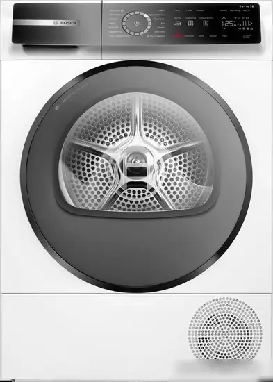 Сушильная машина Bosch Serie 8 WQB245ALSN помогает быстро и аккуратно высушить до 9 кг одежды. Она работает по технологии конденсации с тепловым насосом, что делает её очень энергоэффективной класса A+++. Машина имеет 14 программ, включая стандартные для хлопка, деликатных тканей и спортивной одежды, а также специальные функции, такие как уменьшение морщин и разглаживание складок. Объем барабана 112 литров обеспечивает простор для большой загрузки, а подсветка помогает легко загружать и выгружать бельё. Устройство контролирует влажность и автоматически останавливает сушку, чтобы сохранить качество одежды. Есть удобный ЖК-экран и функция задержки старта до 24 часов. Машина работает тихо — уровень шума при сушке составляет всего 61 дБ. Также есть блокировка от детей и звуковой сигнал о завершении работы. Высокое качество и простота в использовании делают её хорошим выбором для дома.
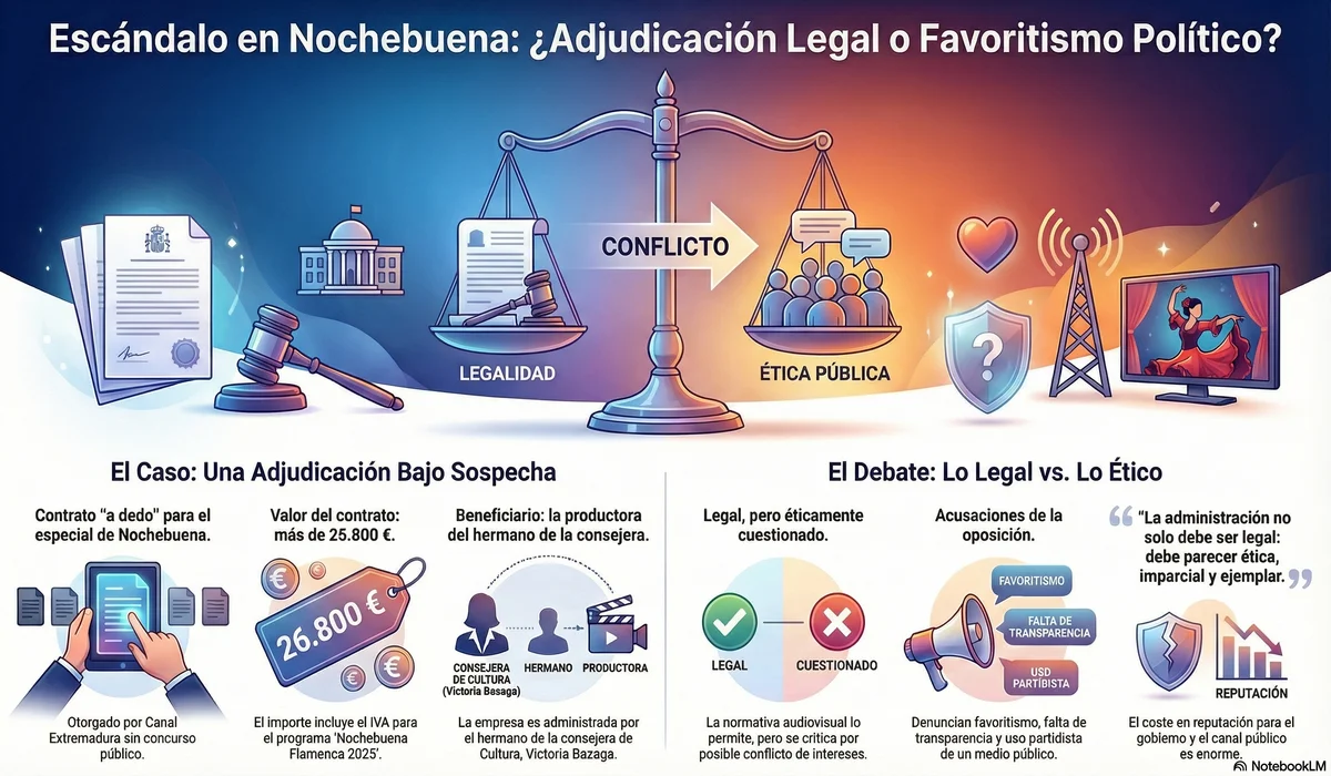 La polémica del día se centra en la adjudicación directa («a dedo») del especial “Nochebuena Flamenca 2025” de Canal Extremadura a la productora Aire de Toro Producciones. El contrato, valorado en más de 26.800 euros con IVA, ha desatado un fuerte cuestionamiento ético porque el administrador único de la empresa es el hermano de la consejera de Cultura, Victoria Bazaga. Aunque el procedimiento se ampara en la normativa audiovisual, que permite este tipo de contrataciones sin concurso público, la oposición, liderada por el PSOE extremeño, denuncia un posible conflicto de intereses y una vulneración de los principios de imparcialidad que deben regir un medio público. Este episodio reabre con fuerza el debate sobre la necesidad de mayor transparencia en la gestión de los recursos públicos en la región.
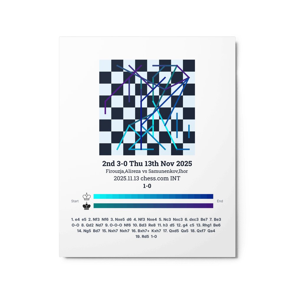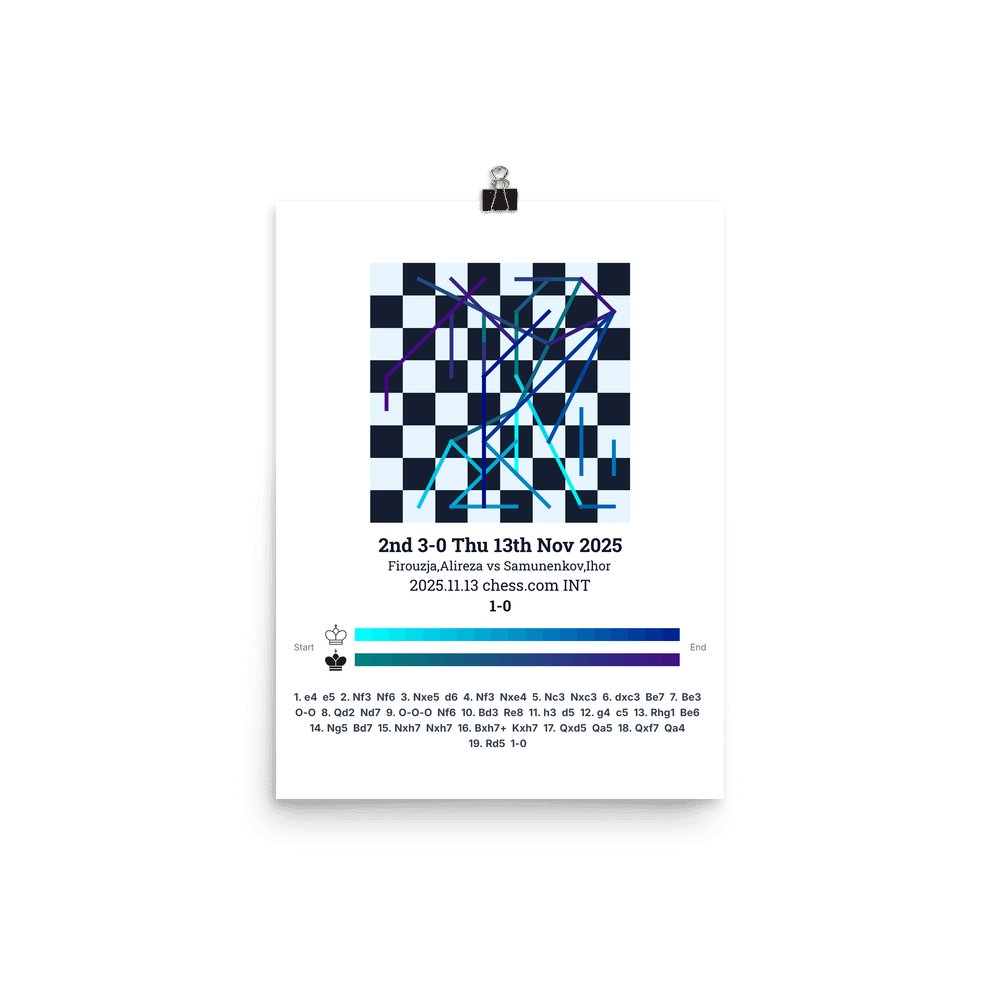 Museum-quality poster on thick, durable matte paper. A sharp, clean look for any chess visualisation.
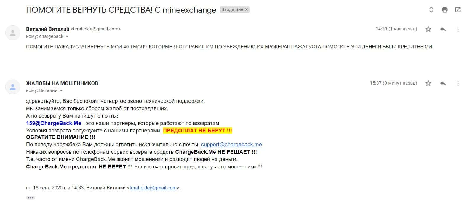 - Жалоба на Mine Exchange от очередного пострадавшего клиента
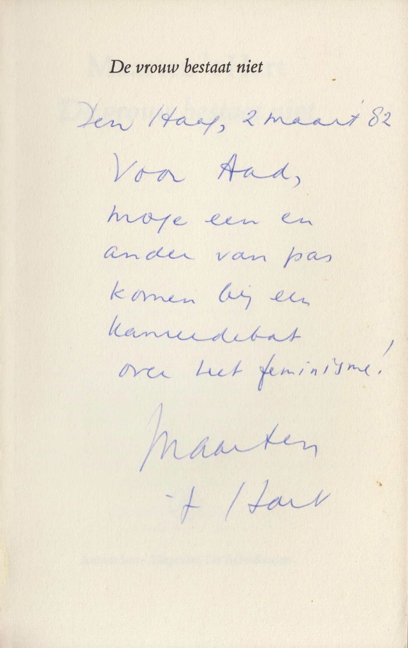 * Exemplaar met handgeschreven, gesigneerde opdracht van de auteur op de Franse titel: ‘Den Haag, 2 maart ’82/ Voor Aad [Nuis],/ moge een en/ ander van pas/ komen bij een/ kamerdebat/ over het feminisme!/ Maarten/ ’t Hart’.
==
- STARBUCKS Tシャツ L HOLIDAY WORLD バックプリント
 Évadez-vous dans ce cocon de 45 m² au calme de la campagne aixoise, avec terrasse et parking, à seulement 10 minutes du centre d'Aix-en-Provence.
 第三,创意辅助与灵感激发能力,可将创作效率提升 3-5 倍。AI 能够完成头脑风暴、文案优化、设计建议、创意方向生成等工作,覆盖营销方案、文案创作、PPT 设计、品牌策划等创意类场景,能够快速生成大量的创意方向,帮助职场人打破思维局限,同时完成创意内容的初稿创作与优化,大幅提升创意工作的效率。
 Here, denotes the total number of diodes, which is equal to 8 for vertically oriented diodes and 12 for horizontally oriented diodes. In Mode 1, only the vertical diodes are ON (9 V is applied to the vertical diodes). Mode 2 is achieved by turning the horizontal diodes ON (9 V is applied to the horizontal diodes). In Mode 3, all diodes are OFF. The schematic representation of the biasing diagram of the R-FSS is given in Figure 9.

WHAT THIS TASK INVOLVES:
Return only the stretch above from the line containing "Museum-quality poster on" through the line containing "Maarten/ ’t Hart’.", word for word and without pictures.

RESPONSE BOX:
 Museum-quality poster on thick, durable matte paper. A sharp, clean look for any chess visualisation.
 - Жалоба на Mine Exchange от очередного пострадавшего клиента
 * Exemplaar met handgeschreven, gesigneerde opdracht van de auteur op de Franse titel: ‘Den Haag, 2 maart ’82/ Voor Aad [Nuis],/ moge een en/ ander van pas/ komen bij een/ kamerdebat/ over het feminisme!/ Maarten/ ’t Hart’.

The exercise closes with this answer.